だからその日、少し遅めに登校したオレを出迎えた、ほとんど全員が嬉々とした顔で変なポーズを取り、変な笑い声を上げるという、クラスの狂乱の様相に、思わず思考をシャットダウンすることになった。
「すいません、間違えました」
そう言って取り敢えずそっと引き戸を閉める。
入口のすぐ上にある表示を確認すると、そこには間違いなく1-3という数字がある。
おかしい、普段と同じように登校しただけなのに、教室のドアが異次元に繋がっているなんて。
まさか敵(六道骸)の攻撃か?
「いや異次元じゃないから!つーかお前ぶら霊知らないのかよ!?」
「うわっ、変な奴が来た」
「真顔で言うのやめてくれませんかね!?テレビ見てねーの!?」
「テレビない」
割りと本気で反応に困っていたため、突然ツッコミを入れてきた浅野には少しだけだが感謝する。
というか、ぶら霊?
オレにはさっぱりわからないが、どうやら最近流行りの心霊番組らしい。
心霊番組が流行るってどう言うことなんだ。
あのポーズと笑い声との共通点もさっぱりわからない。
「お前だけは信じてたぜスクアーロ……」
目頭を抑える黒崎にそう言われたが、そもそもこいつらが何をしているのかもわかっていないので、黒崎の行動にもオレはドン引きする。
何なんだこれは。
「このポーズはだな、ドン観音寺の決めポーズでだな」
「ほうほう」
「このポーズを決めて『ボハハハハー!』と笑うのが観音寺流なんだよ!」
「へぇ~」
「んで心霊スポットを訪れては悪霊を退治するっていうのがぶらり霊場、突撃の旅っつー番組で……」
「ふぅ~ん」
「お前聞いてないだろ!」
「聞いてる聞いてる」
昼休み、浅野に説明をしてもらいながらケータイをいじる。
いわばあのポーズはヒーローポーズなのだ。
ダサいけど。
そしてその説明を聞いていて思い出したが、その観音寺なんとかの話は事前に聞いていた。

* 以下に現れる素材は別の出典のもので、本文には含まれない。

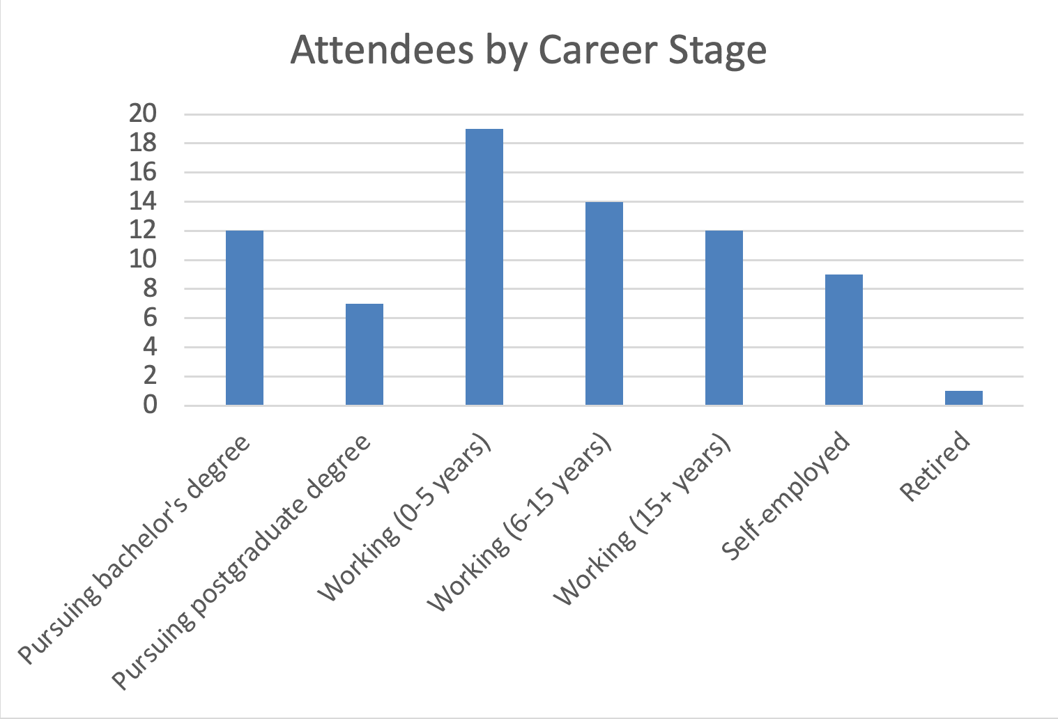 The most common career stage was “Working (0-5 years)”.
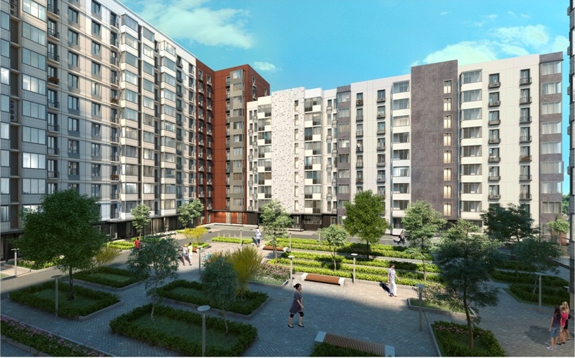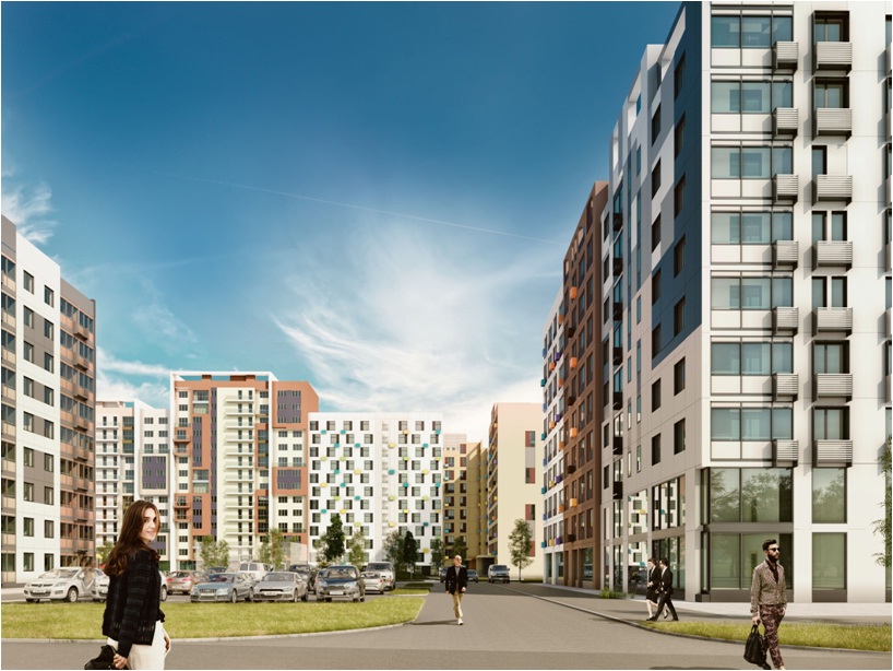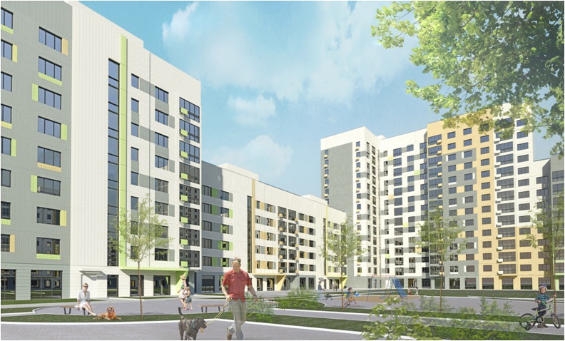 Обеспечена градостроительная гибкость планировки застройки за счет смещения блок-секций относительно друг друга.
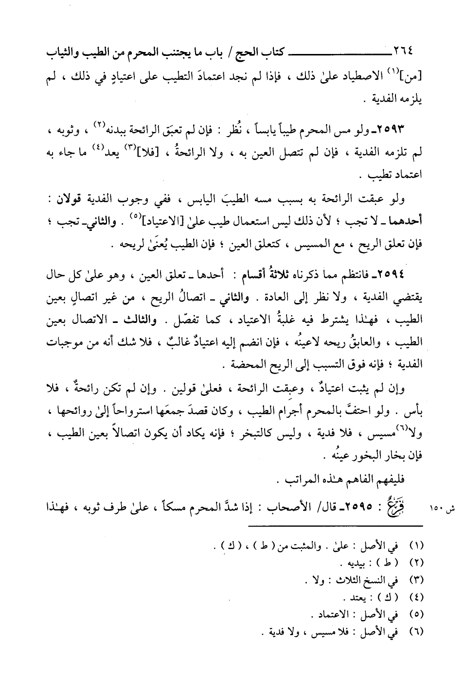2595 - قال الأصحاب: إذا شدَّ المحرم مسكاً، على طرف ثوبه، فهذا

今朝、いつも通りジョギングをしていたらユニから電話が掛かってきたのだ。
白蘭からでないことに疑問を感じたのだが、その時は特に何も考えずに電話に出た。
そして後悔した。
ユニはどこか箱入り娘然としていて、そう言ったミーハーなことに興味があるとは思わなかったのだが、予想外に彼女はその番組にハマっていたらしい。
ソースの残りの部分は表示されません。